**What is needed:**
Could you restate the whole listing below word for word, minus the pictures?

**Data shown:**
◇ ◇ ◇

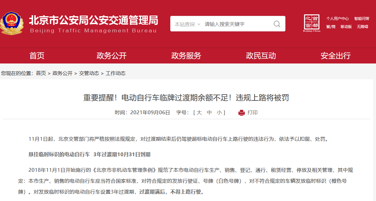 北京:电动自行车临牌过渡期余额不足!违规上路将被罚亚星注册
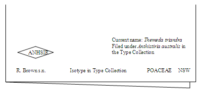 Packet – specimens stored in printed packets were databased before incorporation, with details printed directly from the ANHSIR database. All label information is printed on the front of the packet, except the CANB/CBG accession number which is printed on the back. Specimens originally received as exchange from other institutions may have the labels supplied by the donor institution stored inside the packets
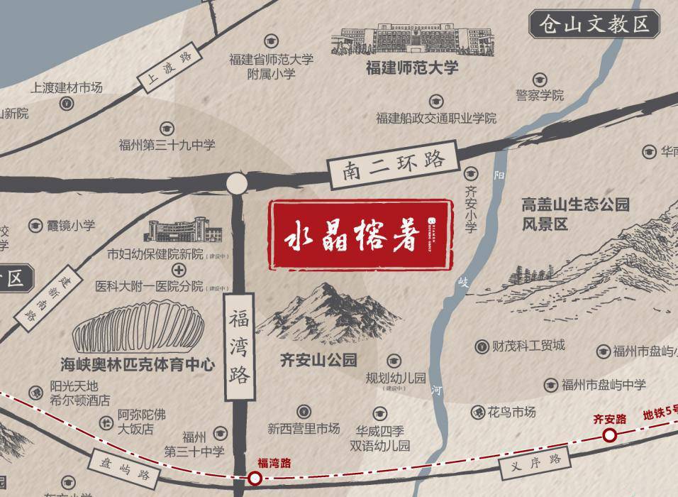 【休闲配套】水晶榕著周边环绕着三大公园,占据了福州稀缺的生态资源。包括飞凤山奥体公园、高盖山生态公园和齐安山休闲公园,让居民可以享受丰富的休闲娱乐活动。

◇ ◇ ◇

**Worked solution:**
 北京:电动自行车临牌过渡期余额不足!违规上路将被罚亚星注册
 Packet – specimens stored in printed packets were databased before incorporation, with details printed directly from the ANHSIR database. All label information is printed on the front of the packet, except the CANB/CBG accession number which is printed on the back. Specimens originally received as exchange from other institutions may have the labels supplied by the donor institution stored inside the packets
 【休闲配套】水晶榕著周边环绕着三大公园,占据了福州稀缺的生态资源。包括飞凤山奥体公园、高盖山生态公园和齐安山休闲公园,让居民可以享受丰富的休闲娱乐活动。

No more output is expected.